WHAT THIS TASK INVOLVES =
Pictures excluded, return the lines below from the first through the line holding "Conjunto baby masculino".

• • • • •

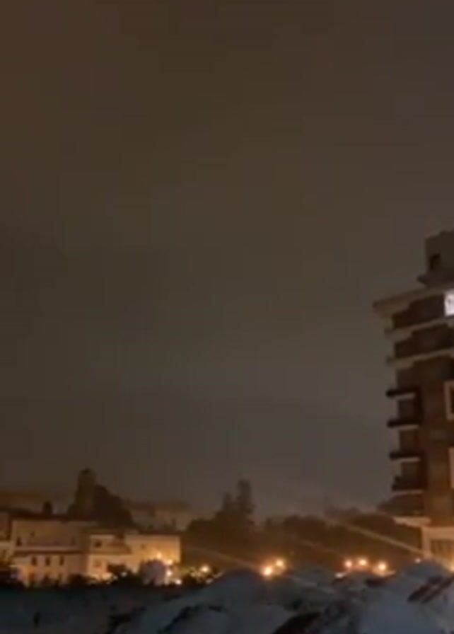night-time view of a town or city. The sky is dark and overcast. In the foreground is a pile of dark material, possibly rubble or earth. Beyond this is a low-rise urban landscape with buildings of various heights and designs, lit by streetlights and lights from within the structures. In the middle ground to the right is a modern, taller building with multiple levels, some of which have illuminated windows. The overall scene is dimly lit and presents a slightly grainy quality, likely due to low-light conditions.
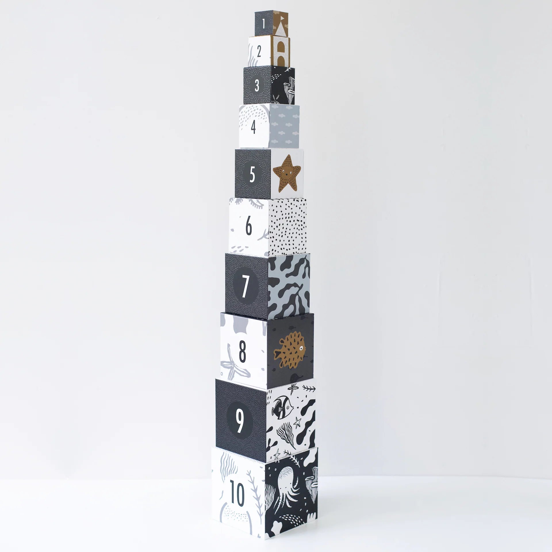 充滿奇思妙想的海洋動物套疊積木能激發幼兒的想像自由。他們可以堆疊玩耍一整天,在探索數字和計數的同時,欣賞高對比度的圖案和插圖。
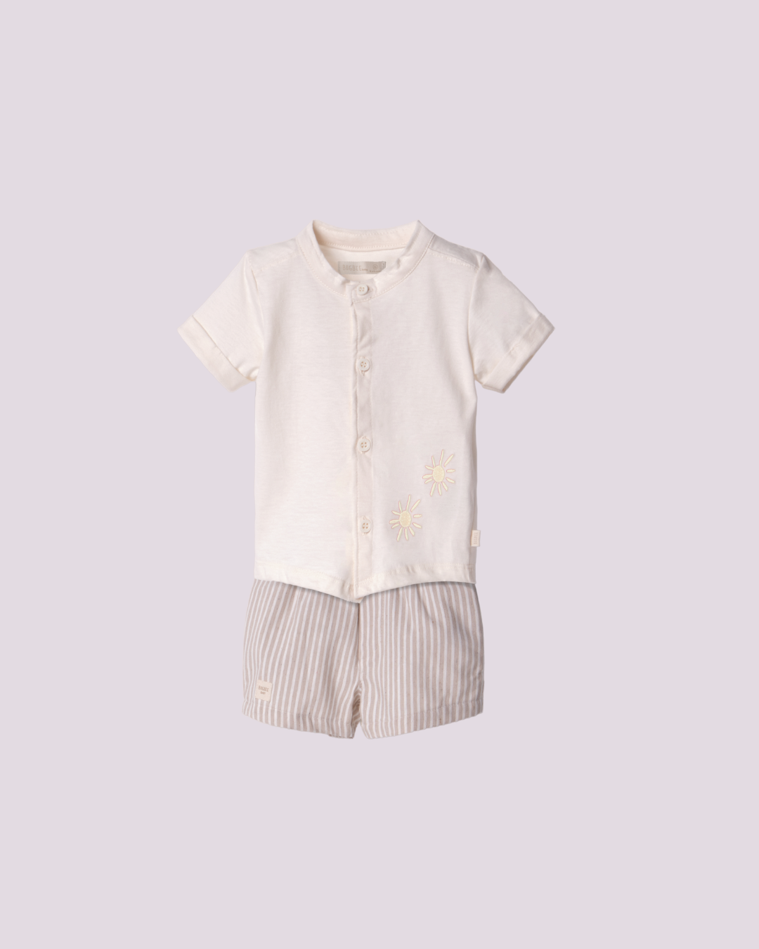 Conjunto baby masculino Bugbee com camiseta de botões e short listrado, prático e confortável para o dia a dia.
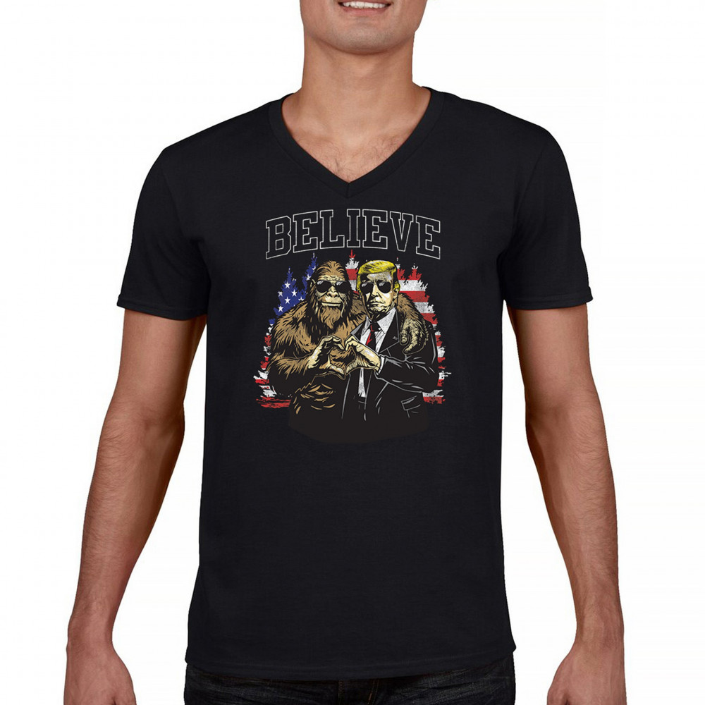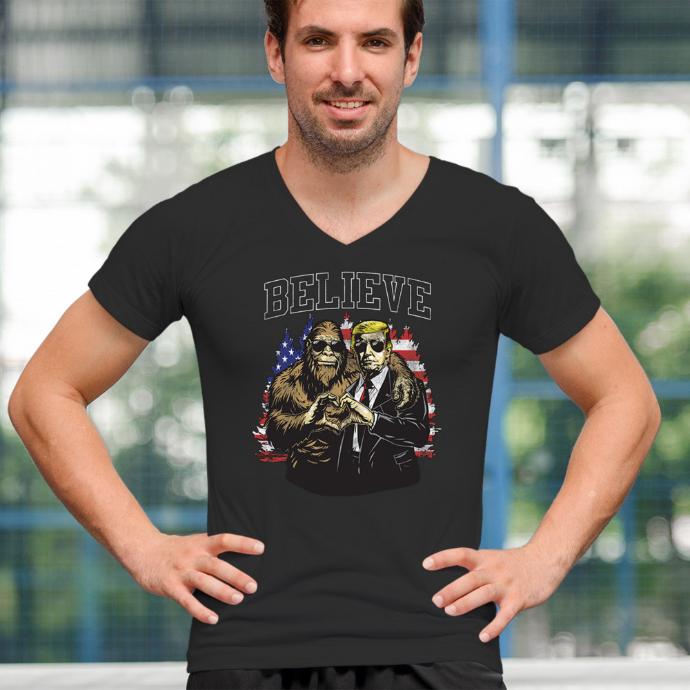 The "Believe" design combines patriotic pride and conservative values with a touch of fun. Featuring Donald J. Trump and a loyal Bigfoot against the American flag, this graphic is perfect for Trump supporters, Republicans, and believers in America First. Celebrate the Red Wave, the 47th President, and the unstoppable fight for victory. Ideal for anyone with unwavering belief in the people's mandate.
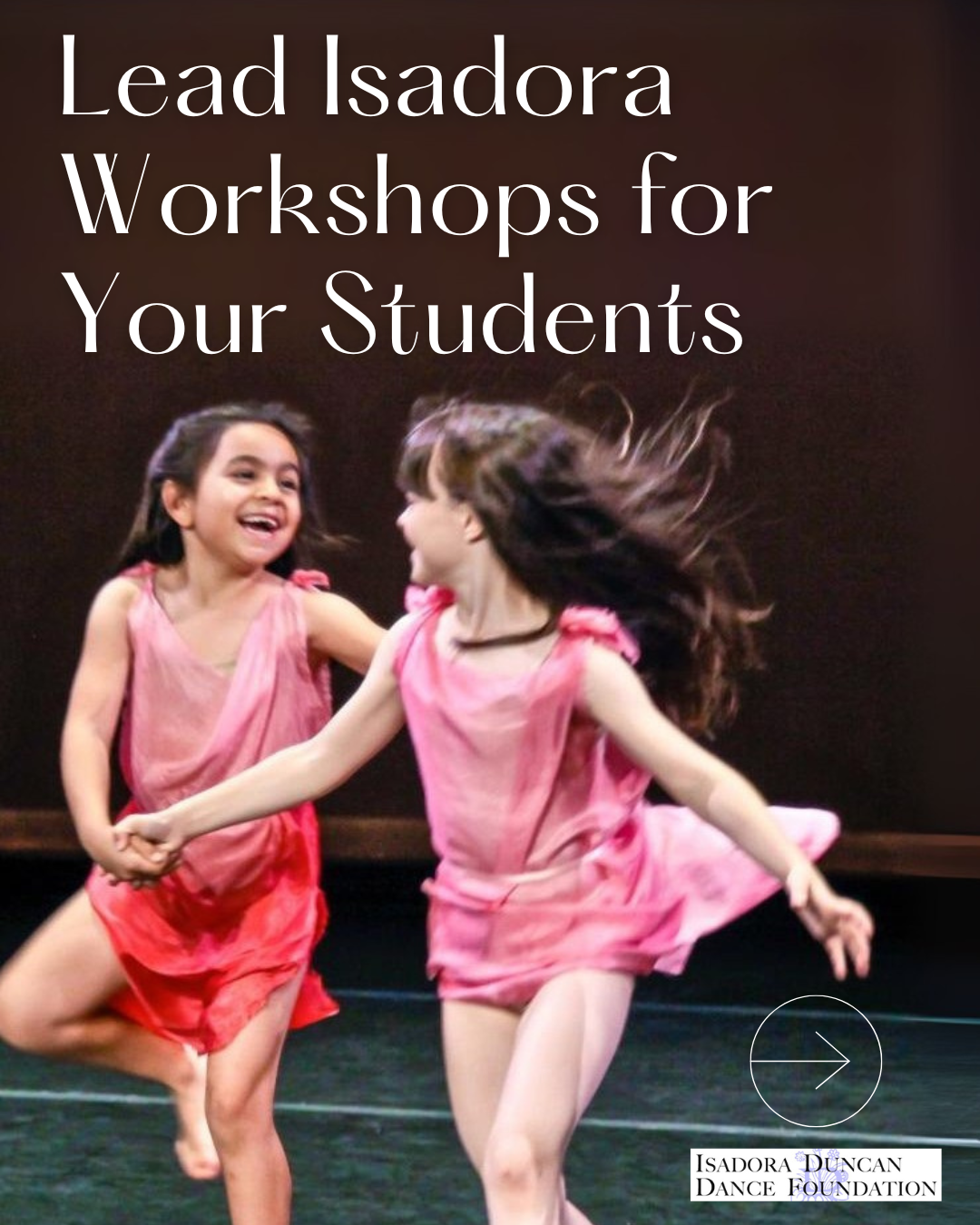 The Isadora Duncan Dance Foundation will be hosting a Curriculum Workshop for NYC-based public, private, and charter school teachers. Completion of this one day workshop will provide you with the lesson plans and tools needed to lead a 2 class unit plan on Isadora Duncan.

• • • • •

OUTPUT =
night-time view of a town or city. The sky is dark and overcast. In the foreground is a pile of dark material, possibly rubble or earth. Beyond this is a low-rise urban landscape with buildings of various heights and designs, lit by streetlights and lights from within the structures. In the middle ground to the right is a modern, taller building with multiple levels, some of which have illuminated windows. The overall scene is dimly lit and presents a slightly grainy quality, likely due to low-light conditions.
 充滿奇思妙想的海洋動物套疊積木能激發幼兒的想像自由。他們可以堆疊玩耍一整天,在探索數字和計數的同時,欣賞高對比度的圖案和插圖。
 Conjunto baby masculino Bugbee com camiseta de botões e short listrado, prático e confortável para o dia a dia.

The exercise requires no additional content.